§ **Prompt**
Exactly as written, copy every line from the one containing "Rugged, reliable, and" through the end of the records, with the pictures left out.
/---
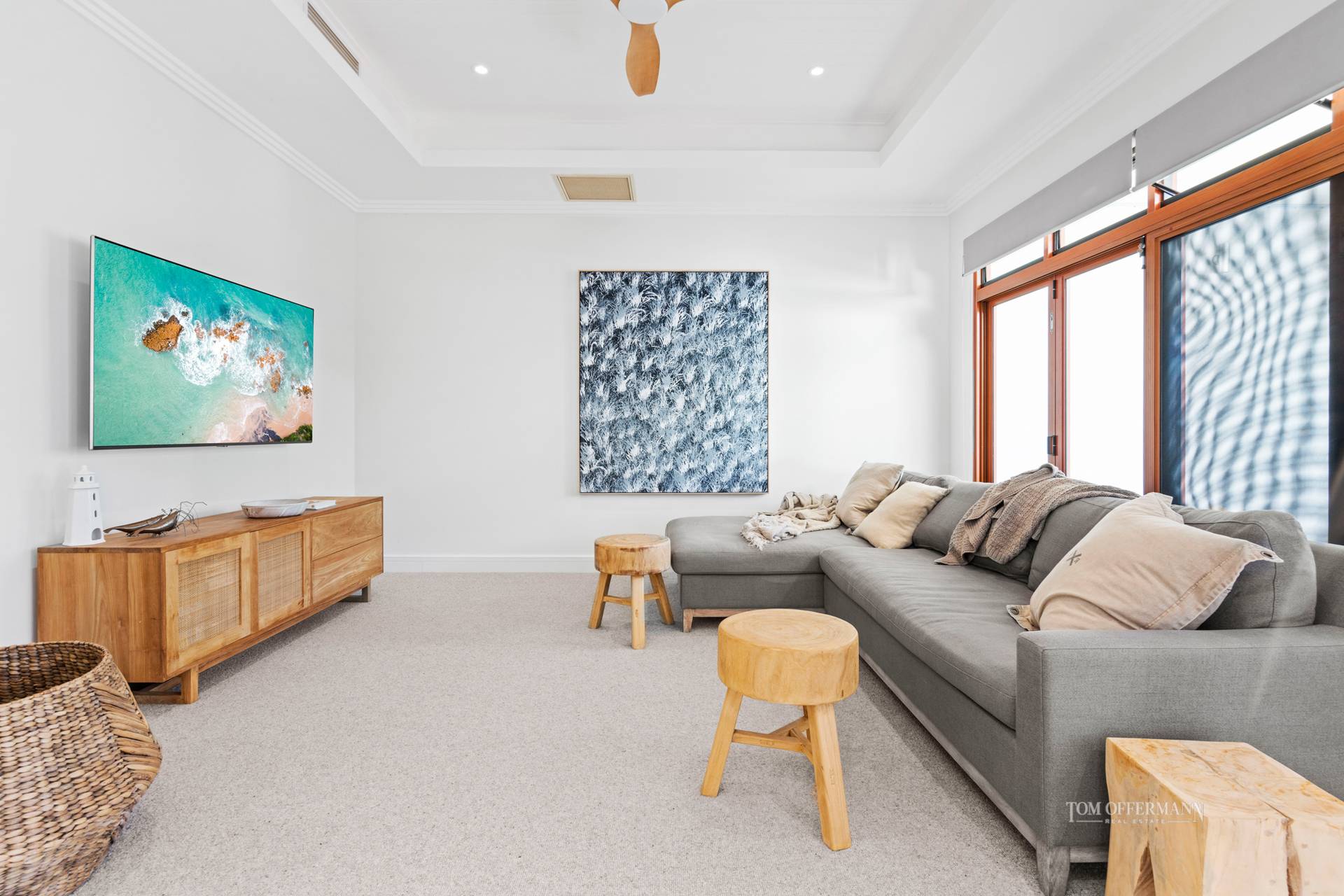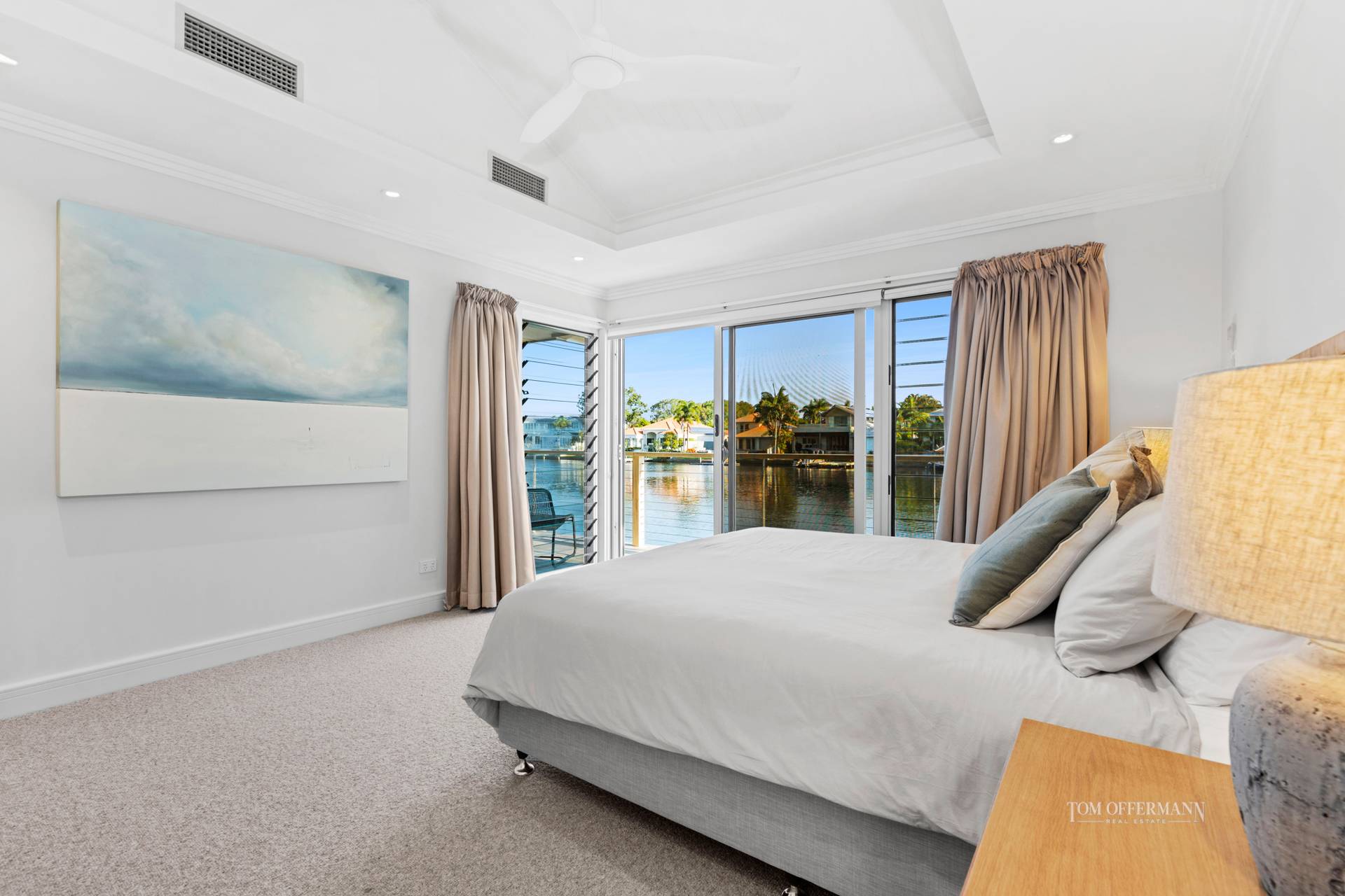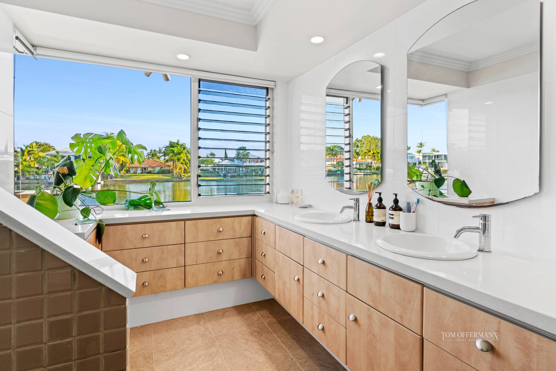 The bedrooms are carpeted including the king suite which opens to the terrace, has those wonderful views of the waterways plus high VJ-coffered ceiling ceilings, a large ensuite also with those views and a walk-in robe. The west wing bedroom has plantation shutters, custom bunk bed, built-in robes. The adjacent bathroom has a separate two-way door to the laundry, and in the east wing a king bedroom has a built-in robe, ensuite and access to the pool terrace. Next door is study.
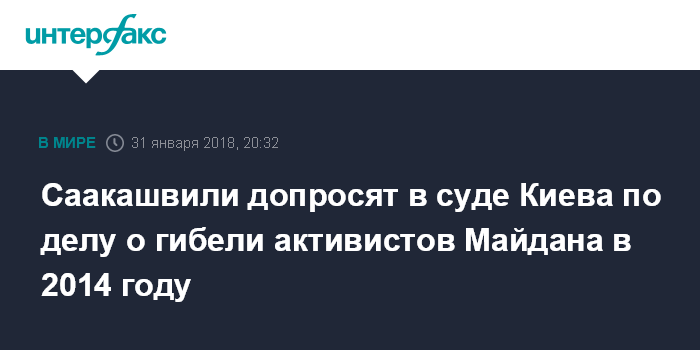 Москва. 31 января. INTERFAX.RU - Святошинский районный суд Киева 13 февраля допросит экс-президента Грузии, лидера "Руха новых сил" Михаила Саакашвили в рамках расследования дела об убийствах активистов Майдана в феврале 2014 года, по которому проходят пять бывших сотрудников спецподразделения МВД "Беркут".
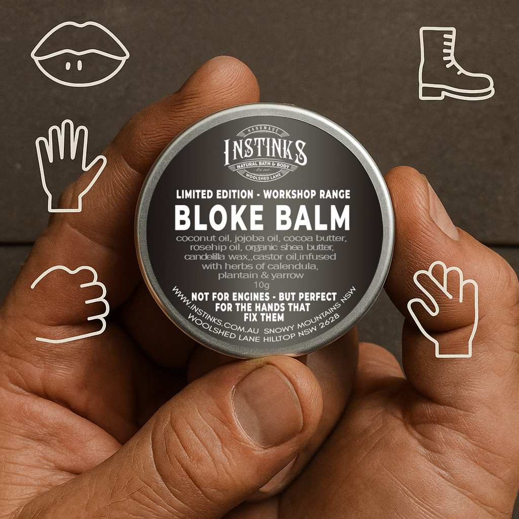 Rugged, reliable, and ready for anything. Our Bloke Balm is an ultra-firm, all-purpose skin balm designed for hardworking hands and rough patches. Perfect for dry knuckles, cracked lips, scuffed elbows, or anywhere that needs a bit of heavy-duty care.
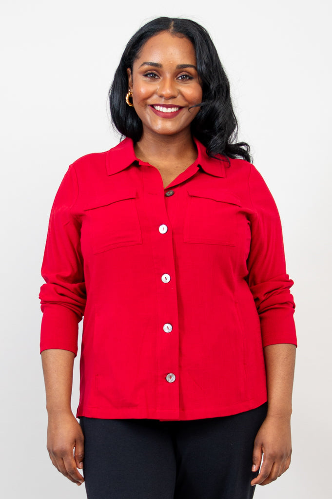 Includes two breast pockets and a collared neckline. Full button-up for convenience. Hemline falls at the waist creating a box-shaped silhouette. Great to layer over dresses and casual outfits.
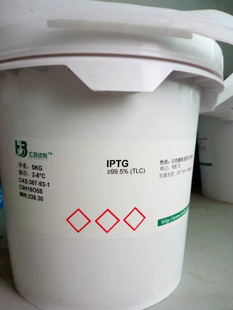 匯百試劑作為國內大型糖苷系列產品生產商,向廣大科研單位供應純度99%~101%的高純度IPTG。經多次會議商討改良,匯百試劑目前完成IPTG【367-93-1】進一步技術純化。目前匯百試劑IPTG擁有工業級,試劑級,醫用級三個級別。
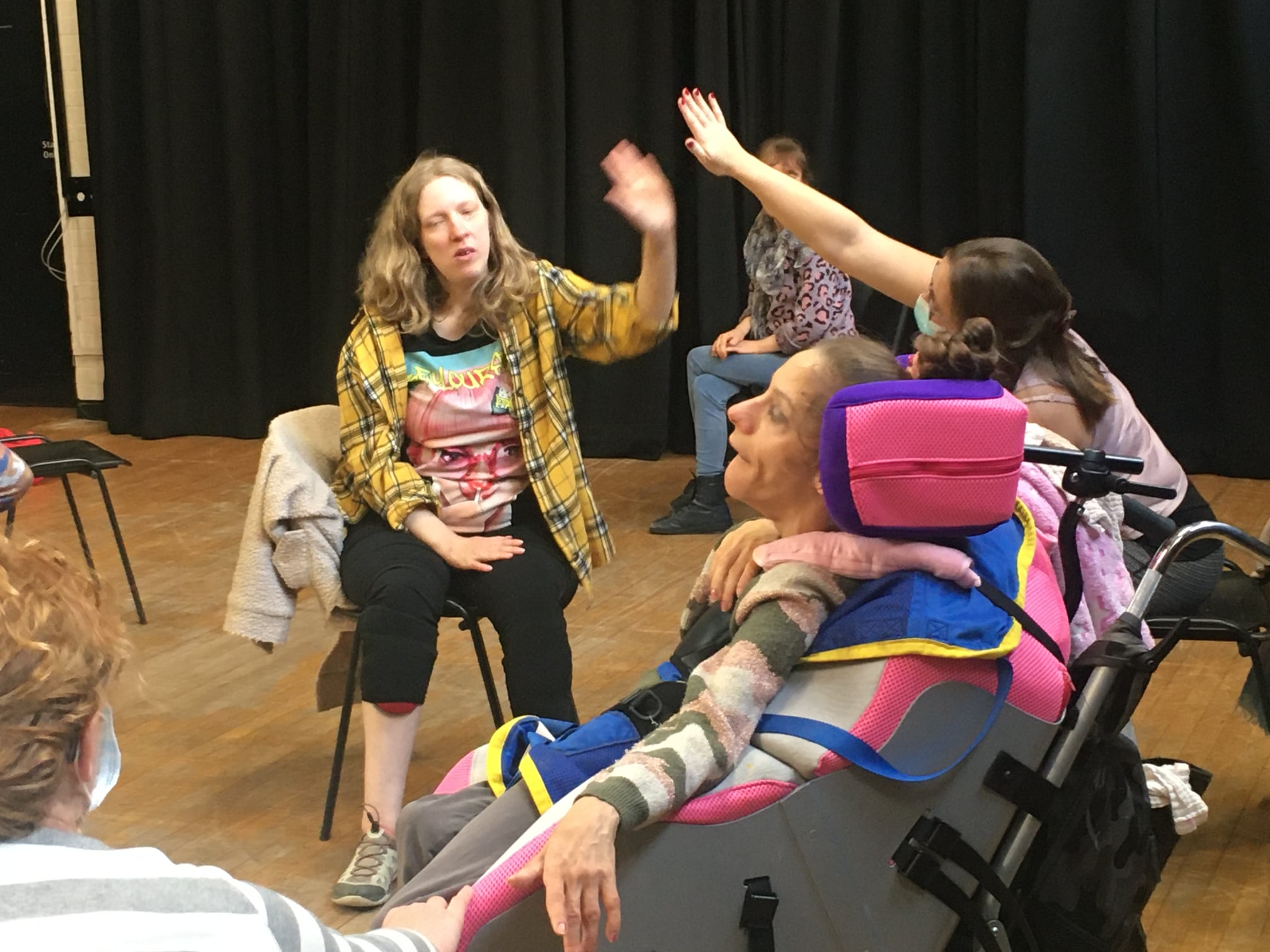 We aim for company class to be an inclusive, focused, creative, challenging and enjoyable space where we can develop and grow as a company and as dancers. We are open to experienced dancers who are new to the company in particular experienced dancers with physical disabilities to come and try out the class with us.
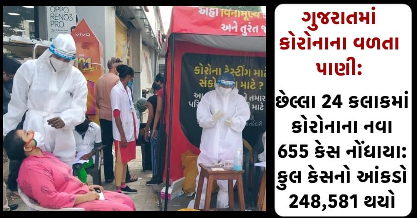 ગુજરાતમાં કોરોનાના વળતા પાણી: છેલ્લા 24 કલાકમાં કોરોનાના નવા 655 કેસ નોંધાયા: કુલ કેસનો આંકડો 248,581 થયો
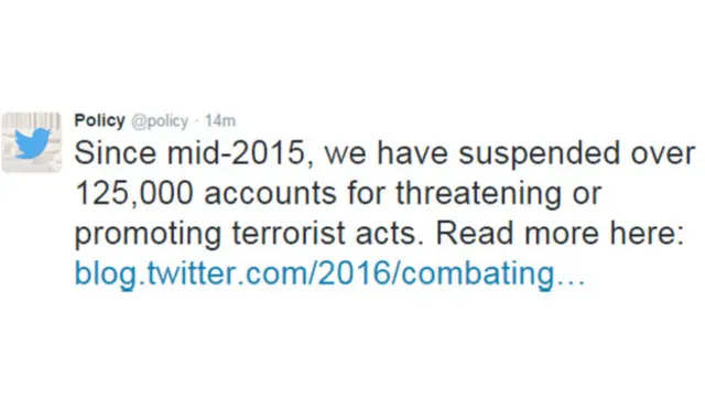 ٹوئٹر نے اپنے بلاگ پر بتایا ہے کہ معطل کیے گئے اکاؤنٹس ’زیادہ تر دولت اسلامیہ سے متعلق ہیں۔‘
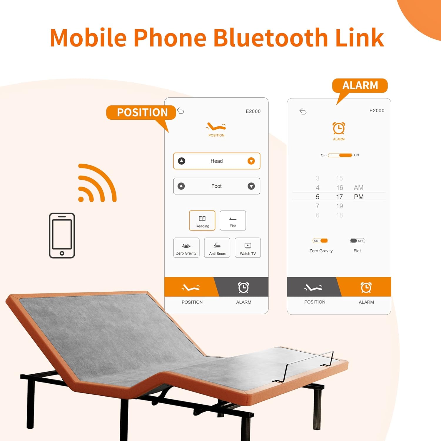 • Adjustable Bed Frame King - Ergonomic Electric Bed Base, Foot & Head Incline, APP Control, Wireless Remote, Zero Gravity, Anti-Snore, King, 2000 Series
\---
§ **Result for this task**
 Rugged, reliable, and ready for anything. Our Bloke Balm is an ultra-firm, all-purpose skin balm designed for hardworking hands and rough patches. Perfect for dry knuckles, cracked lips, scuffed elbows, or anywhere that needs a bit of heavy-duty care.
 Includes two breast pockets and a collared neckline. Full button-up for convenience. Hemline falls at the waist creating a box-shaped silhouette. Great to layer over dresses and casual outfits.
 匯百試劑作為國內大型糖苷系列產品生產商,向廣大科研單位供應純度99%~101%的高純度IPTG。經多次會議商討改良,匯百試劑目前完成IPTG【367-93-1】進一步技術純化。目前匯百試劑IPTG擁有工業級,試劑級,醫用級三個級別。
 We aim for company class to be an inclusive, focused, creative, challenging and enjoyable space where we can develop and grow as a company and as dancers. We are open to experienced dancers who are new to the company in particular experienced dancers with physical disabilities to come and try out the class with us.
 ગુજરાતમાં કોરોનાના વળતા પાણી: છેલ્લા 24 કલાકમાં કોરોનાના નવા 655 કેસ નોંધાયા: કુલ કેસનો આંકડો 248,581 થયો
 ٹوئٹر نے اپنے بلاگ پر بتایا ہے کہ معطل کیے گئے اکاؤنٹس ’زیادہ تر دولت اسلامیہ سے متعلق ہیں۔‘
 • Adjustable Bed Frame King - Ergonomic Electric Bed Base, Foot & Head Incline, APP Control, Wireless Remote, Zero Gravity, Anti-Snore, King, 2000 Series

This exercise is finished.